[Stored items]
◆ ◆ ◆ ◆

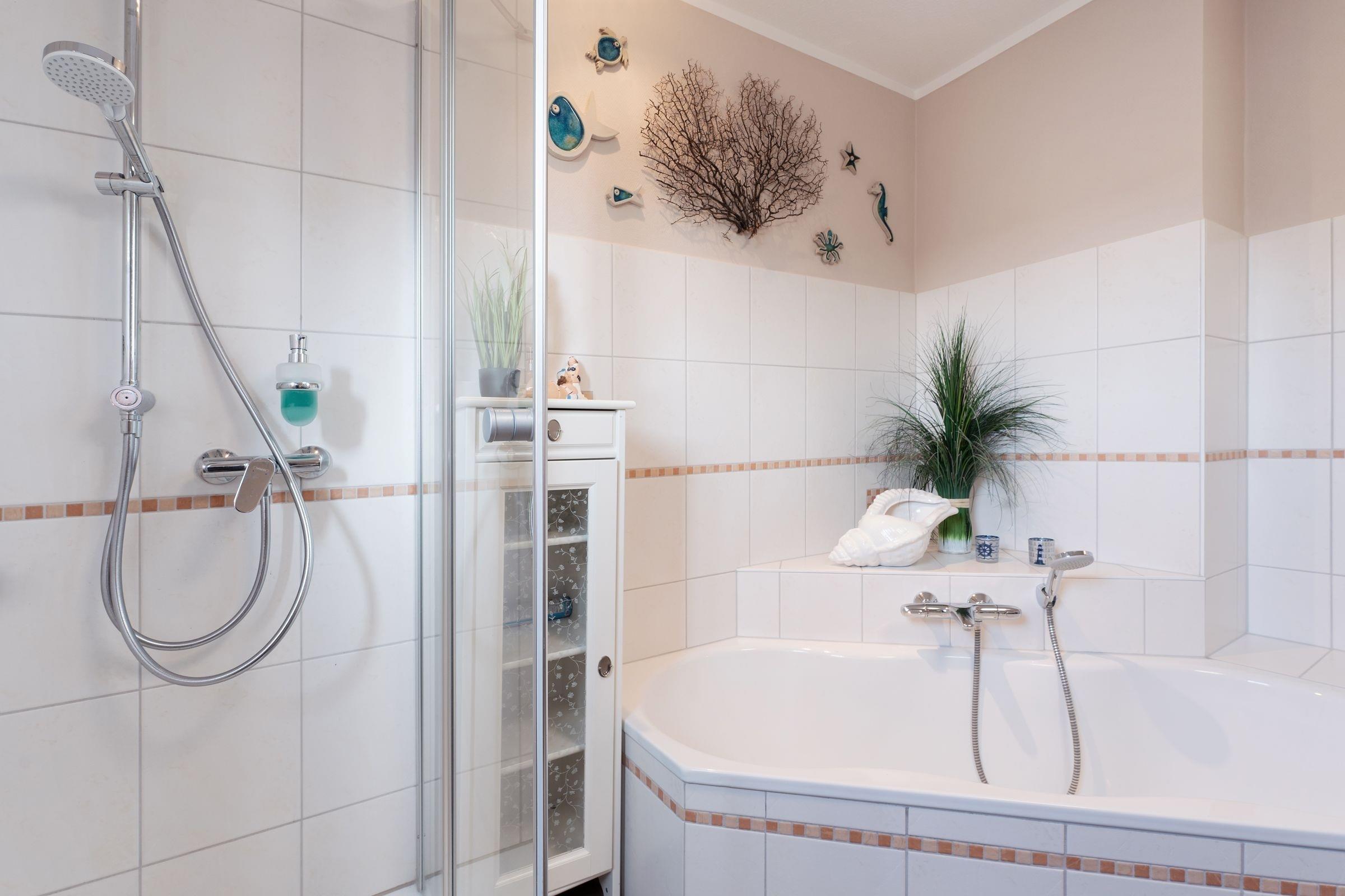 Die separate, sehr gut ausgestattete Küche mit Kochinsel und Induktionsherd lädt zum gemeinsamen Kochen ein. Von hier aus haben Sie ebenfalls Meerblick. Auf den Schlafkomfort wurde großer Wert gelegt: Ein Schlafzimmer ist mit einem hochwertigen Polsterbett (2x 90x190 cm, 7-Zonen-Taschenfederkern) ausgestattet, im zweiten erwartet Sie ein bequemes Boxspringbett (2x 90x190 cm). Von einem Schlafzimmer haben Sie direkten Zugang zum begehbaren Kleiderschrank. Das großzügige Badezimmer verfügt über eine flache Duschkabine, eine Regendusche sowie eine Badewanne. Ein Gäste-WC sowie ein Abstellraum mit Waschmaschine, Trockner und Bügelbrett ("Waschcenter") komplettieren den Komfort.
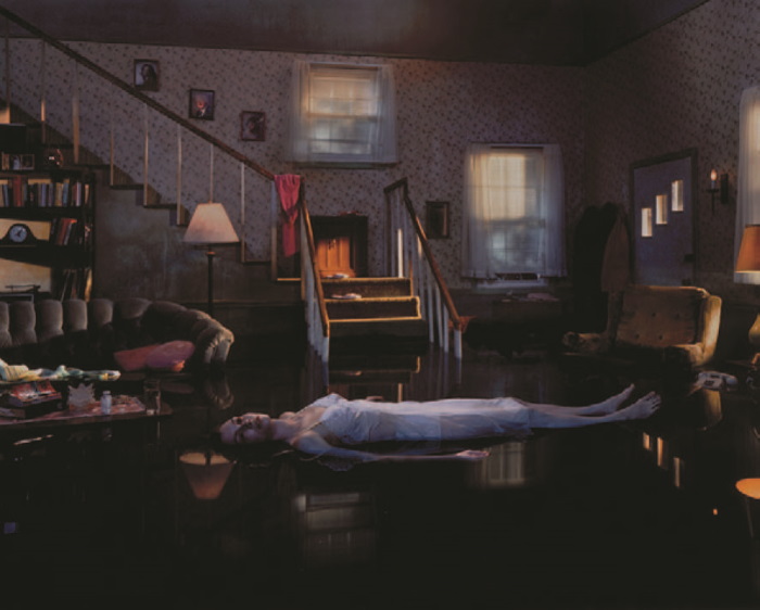На этой фотографии Крюдсон воссоздает образ шекспировской Офелии в декорациях американских пригородов послевоенного периода. Фотография входит в серию «Сумерки», где очень много подобных сложно выстроенных сцен, отсылающих к научно-фантастическим фильмам, притчам, современным мифам и театру.
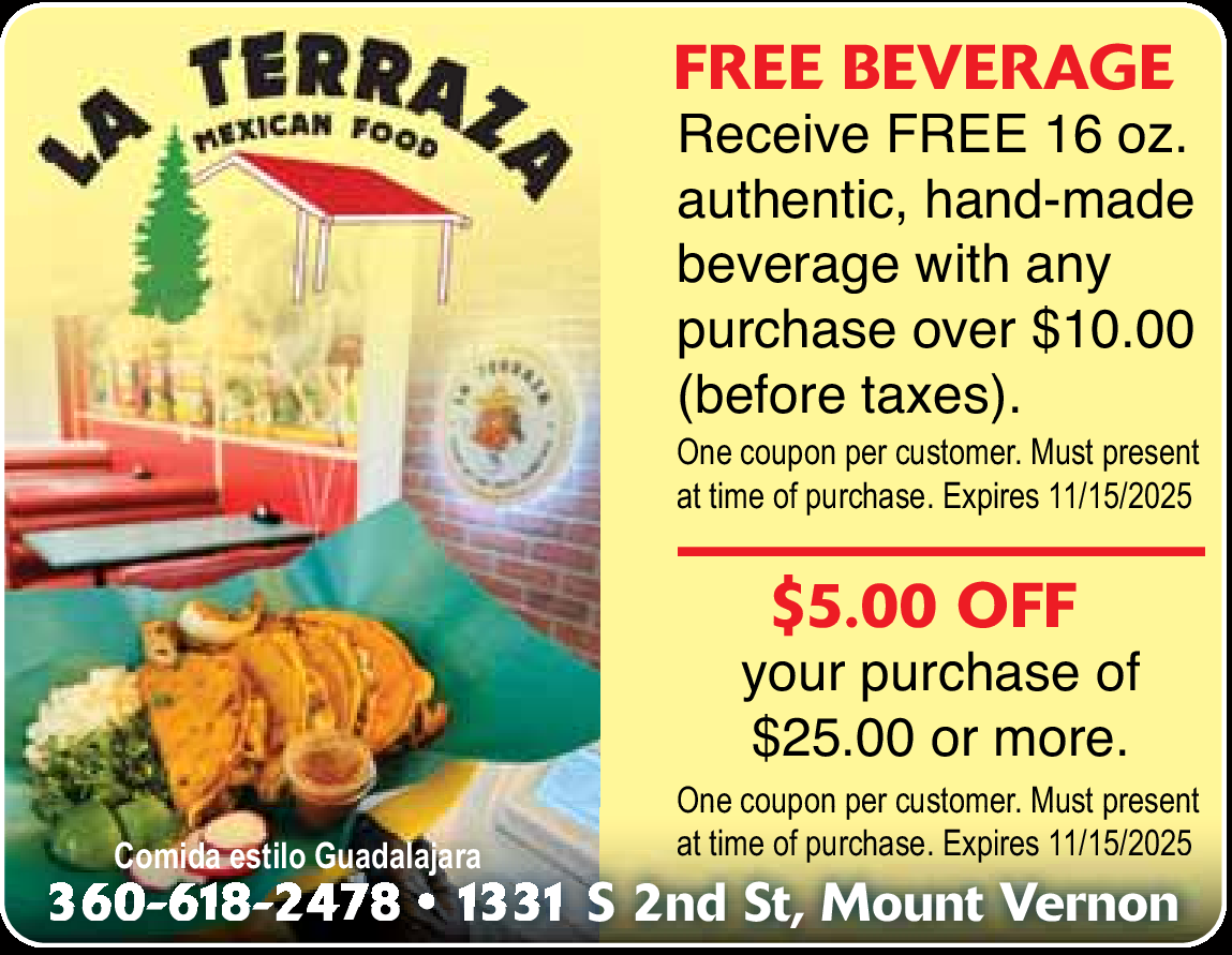 One coupon per customer. Must present at time of purchase. Expires 11/15/2025.
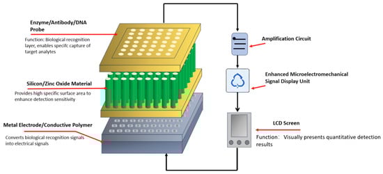 The working principle of biosensors integrates three interdependent components, ensuring coherent transduction from target analyte recognition to final data presentation. The schematic diagram of the nanowire biosensor structure is shown in Figure 2. The nanowire biosensor is mainly composed of a three-dimensional nanowire array, a biorecognition layer, a transduction layer, a signal processor and a display unit. Firstly, the biorecognition element—comprising enzymes, antibodies, or specific DNA sequences—undergoes specific binding with the target analyte. This molecular interaction constitutes the core detection event [42]. Subsequently, the transducer converts this biorecognition event into an electrical signal. This conversion process not only confirms the presence of the target molecule but also quantifies its concentration through signal intensity variations. However, as the electrical signals generated by transducers are often weak, signal processing and display units are required to amplify and digitize these signals [56,57,58].
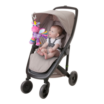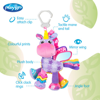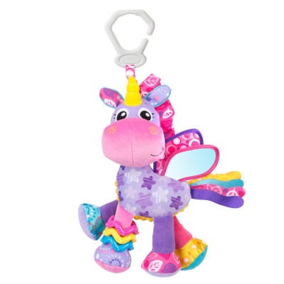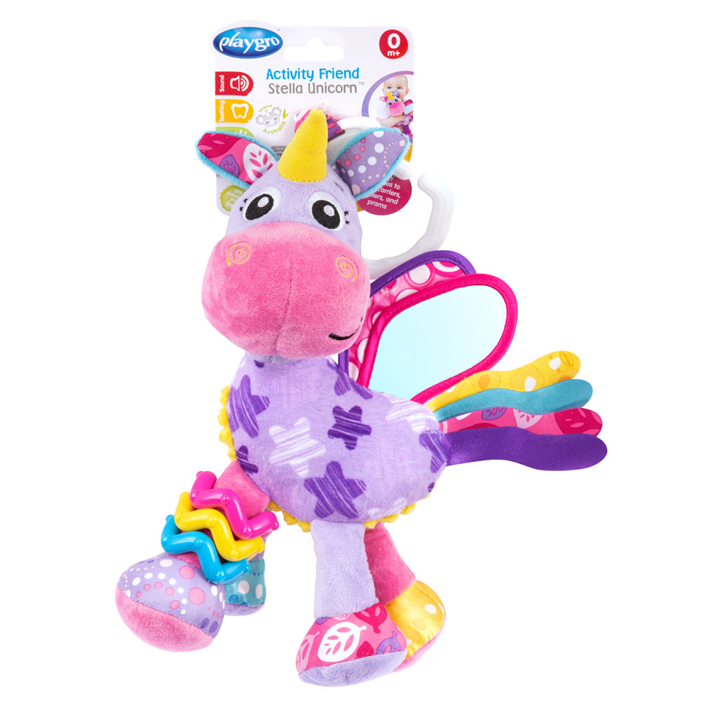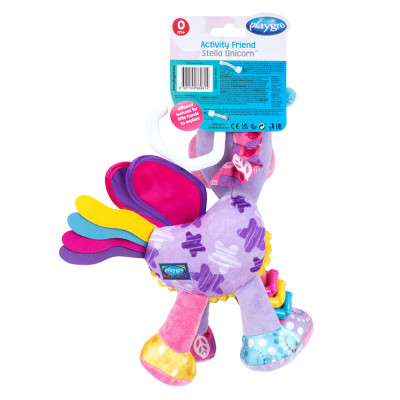 Activity Friend Stella Unicorn tiene anillo clic para colgar y dos pies arrugados para estimular las habilidades motoras finas del bebé.
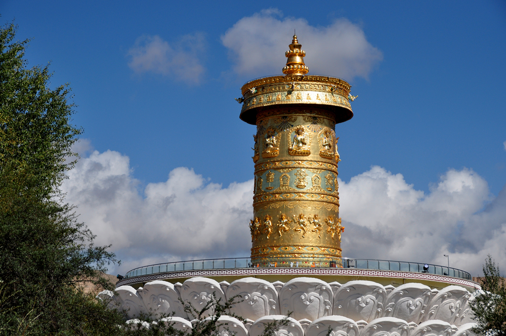 青海貴德縣的中華福運輪筒高26.285米,直徑為10.22米,底座高15米。2012年建成后,頂替甘肅肅南轉(zhuǎn)經(jīng)筒成為世界上最大的轉(zhuǎn)經(jīng)筒。李仁奇 攝
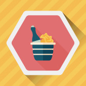 Walentynki szampana płaski ikona z długim cieniem, eps10
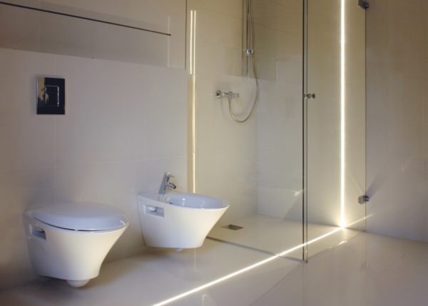 Lumières LED encastrées au sol et murs dans la salle de bain
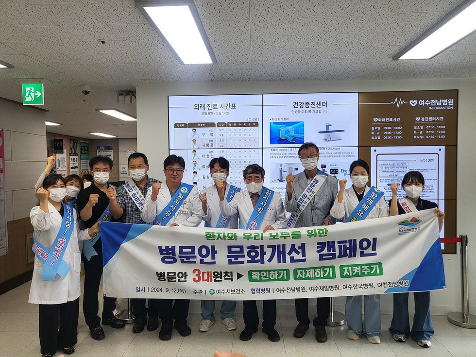 20일 시 보건소에 따르면 지난 12일 감염병 관리기관으로 지정된 여천전남병원과 여수전남병원, 여수제일병원, 여수한국병원에서 병문안객과 환자, 의료진 간 감염 위험을 줄이고 안전한 의료환경 조성을 위한 합동 운동(캠페인)을 펼쳤다.
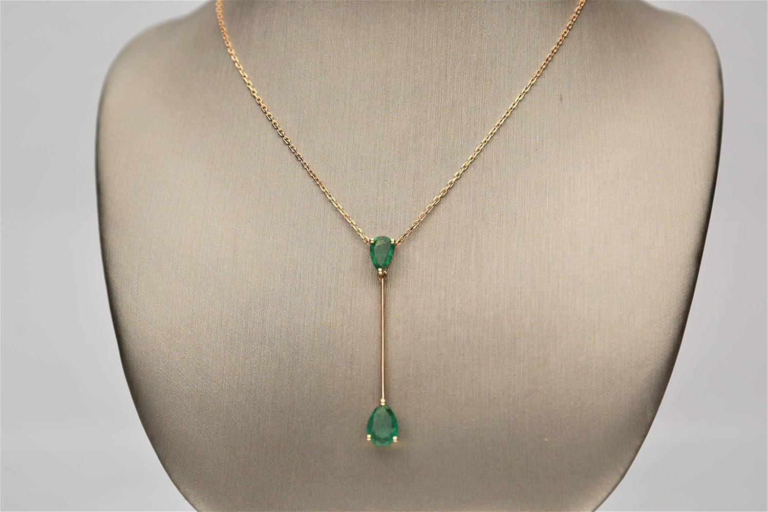 Gin & Grace 10K Yellow Gold Natural Zambian Emerald Pendant For Women | Ethically, Authentically & Organically Sourced Pear-Cut Emerald Hand-Crafted Jewelry For Her | Emerald Pendant For Women

◆ ◆ ◆ ◆

#### WHAT YOU ARE ASKED TO DO
Every line of the records above should be reproduced exactly, with no pictures included.

#### EXERCISE RESULT
 Die separate, sehr gut ausgestattete Küche mit Kochinsel und Induktionsherd lädt zum gemeinsamen Kochen ein. Von hier aus haben Sie ebenfalls Meerblick. Auf den Schlafkomfort wurde großer Wert gelegt: Ein Schlafzimmer ist mit einem hochwertigen Polsterbett (2x 90x190 cm, 7-Zonen-Taschenfederkern) ausgestattet, im zweiten erwartet Sie ein bequemes Boxspringbett (2x 90x190 cm). Von einem Schlafzimmer haben Sie direkten Zugang zum begehbaren Kleiderschrank. Das großzügige Badezimmer verfügt über eine flache Duschkabine, eine Regendusche sowie eine Badewanne. Ein Gäste-WC sowie ein Abstellraum mit Waschmaschine, Trockner und Bügelbrett ("Waschcenter") komplettieren den Komfort.
На этой фотографии Крюдсон воссоздает образ шекспировской Офелии в декорациях американских пригородов послевоенного периода. Фотография входит в серию «Сумерки», где очень много подобных сложно выстроенных сцен, отсылающих к научно-фантастическим фильмам, притчам, современным мифам и театру.
 One coupon per customer. Must present at time of purchase. Expires 11/15/2025.
 The working principle of biosensors integrates three interdependent components, ensuring coherent transduction from target analyte recognition to final data presentation. The schematic diagram of the nanowire biosensor structure is shown in Figure 2. The nanowire biosensor is mainly composed of a three-dimensional nanowire array, a biorecognition layer, a transduction layer, a signal processor and a display unit. Firstly, the biorecognition element—comprising enzymes, antibodies, or specific DNA sequences—undergoes specific binding with the target analyte. This molecular interaction constitutes the core detection event [42]. Subsequently, the transducer converts this biorecognition event into an electrical signal. This conversion process not only confirms the presence of the target molecule but also quantifies its concentration through signal intensity variations. However, as the electrical signals generated by transducers are often weak, signal processing and display units are required to amplify and digitize these signals [56,57,58].
 Activity Friend Stella Unicorn tiene anillo clic para colgar y dos pies arrugados para estimular las habilidades motoras finas del bebé.
 青海貴德縣的中華福運輪筒高26.285米,直徑為10.22米,底座高15米。2012年建成后,頂替甘肅肅南轉(zhuǎn)經(jīng)筒成為世界上最大的轉(zhuǎn)經(jīng)筒。李仁奇 攝
 Walentynki szampana płaski ikona z długim cieniem, eps10
 Lumières LED encastrées au sol et murs dans la salle de bain
 20일 시 보건소에 따르면 지난 12일 감염병 관리기관으로 지정된 여천전남병원과 여수전남병원, 여수제일병원, 여수한국병원에서 병문안객과 환자, 의료진 간 감염 위험을 줄이고 안전한 의료환경 조성을 위한 합동 운동(캠페인)을 펼쳤다.
 Gin & Grace 10K Yellow Gold Natural Zambian Emerald Pendant For Women | Ethically, Authentically & Organically Sourced Pear-Cut Emerald Hand-Crafted Jewelry For Her | Emerald Pendant For Women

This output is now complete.